The Filipinos’ estimation of oneself

By Farah G. Decano


ACCORDING to a former Consul assigned in San Francisco, there are two incidents that made the Filipino gain world respect in recent history – the 1986 people power and the 2016 legal triumph of the Philippines against China.  In both glorious events, the mother and son Aquinos were involved. Former President Corazon Aquino became the icon that fought a dictatorship and brought back democracy to the country while her son, Former President Benigno Aquino III, became the exemplar of courage who foiled China’s attempt to dominate West Philippine Sea and scored a victory before an International Arbitral Tribunal.

The Aquinos, however, would not have become the admirable symbols they have become without the like-minded patriotic Filipinos behind them.  The 1986 People Power happened because of the brave people who risked their lives to stop tanks and the military.  The West Philippine Sea dispute was won because the Filipino intelligentsia worked and cracked their brains together.

These two great victories should be claimed by all Filipinos and their descendants.  No administration should prohibit us from celebrating these proud moments in our history.  And no self-respecting Filipino should ignore, downplay, or worse, erase the many heroic deeds of the many Filipinos who came before us.

The Filipino’s estimation of oneself may be measured based on the results of the elections.
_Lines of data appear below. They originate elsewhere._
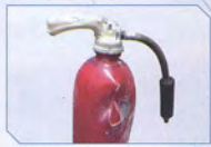
加熱部が局部的に膨張→溶融/火に接触したところのみ損傷

※3：金属製消火器の場合、内圧が上昇してから破裂するため爆風が発生。さらに胴体部分から大きく裂ける上、破断面が鋭利な刃物のようにになっているため、二次災害の可能性がります。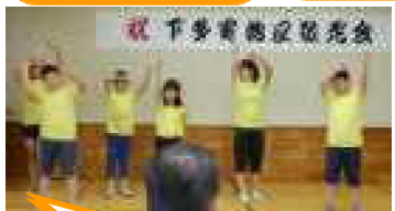
8月10日(金)敬老会。ダンス前前世を披露しました。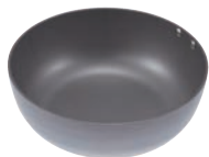
⑨ ココパン 鉄鍋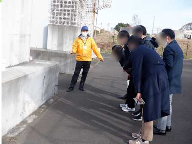
不適切施工について

令和6年11月20日に横浜市交通局5名の方が利用されました。利用者の方々からは「コンクリート構造物は、丁寧に施工すること。この意識が強まった。大変良かったです。」「シュミットハンマーや鉄筋探査機の計測実習もでき、分かりやすかった。」「実物をもとに説明を受けると、理解が進みました。」などの意見をいただきました。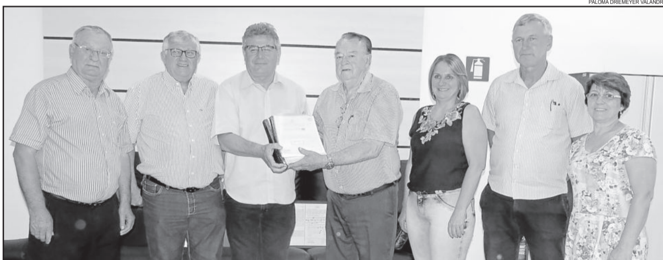
Integrantes da Comissão de Emancipação entregaram documentação à Administração Municipal nesta segunda-feira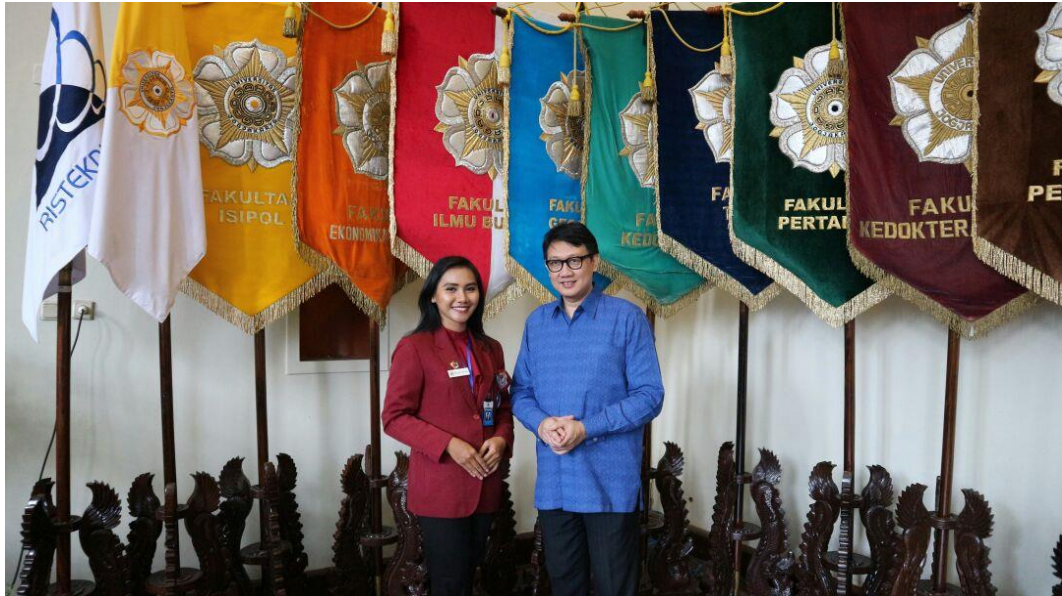
Wawancara: Kementerian Koordinator Bidang Kemaritiman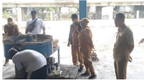
Gambar 8. Monitoring usaha produksi paving oleh Pemerintah Kecamatan Wonocolo bersama Pemerintah Kelurahan Siwalankerto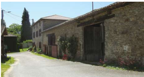
Vieilles granges à la Mazière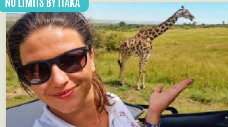
KENIA DZIEWCZYNY W DRODZE: KENIA! (MBAMISS)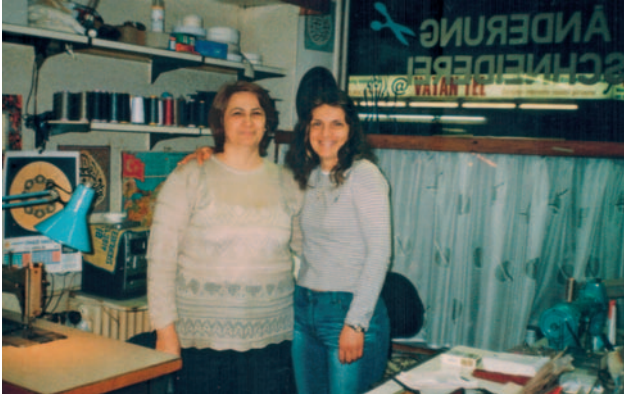
In der Schneiderei 2004 mit einer Freundin

Das Geschäft läuft gut, immerhin hat sie 33 Jahre Berufserfahrung und inzwischen eine feste Stammkundschaft.

The repeated recycling of politicians who are considered as societal garbage because of their numerous involvements in corrupt and criminal activities is indicative of how low we perceive our self-image.  Does our identity now come with a price tag to the highest bidder?

Our Filipino integrity may also be seen from conduct the members of the legislative, executive, and judicial branches and how they incarnate the values enshrined in the Philippine Constitution. Do we have legislative representatives who only give full attention to proposed laws that would benefit their benefactors or the wealthy? What has happened to the wage hike bills? The proposed prohibition of “endo?”  Do we have executive officials who give premium only to “juicy” projects?  What has happened to the implementation of RA 9003 or Solid Waste Management Act and the other environmental laws?  Among the three branches, the members of the judiciary are most expected to embody what is good about Filipinos. They are learned and are steeped in ethical education.  Do we have members of judiciary who are not satisfied with their own allowances, entitlements, and compensations because they still demand from others the proverbial “free lunch?”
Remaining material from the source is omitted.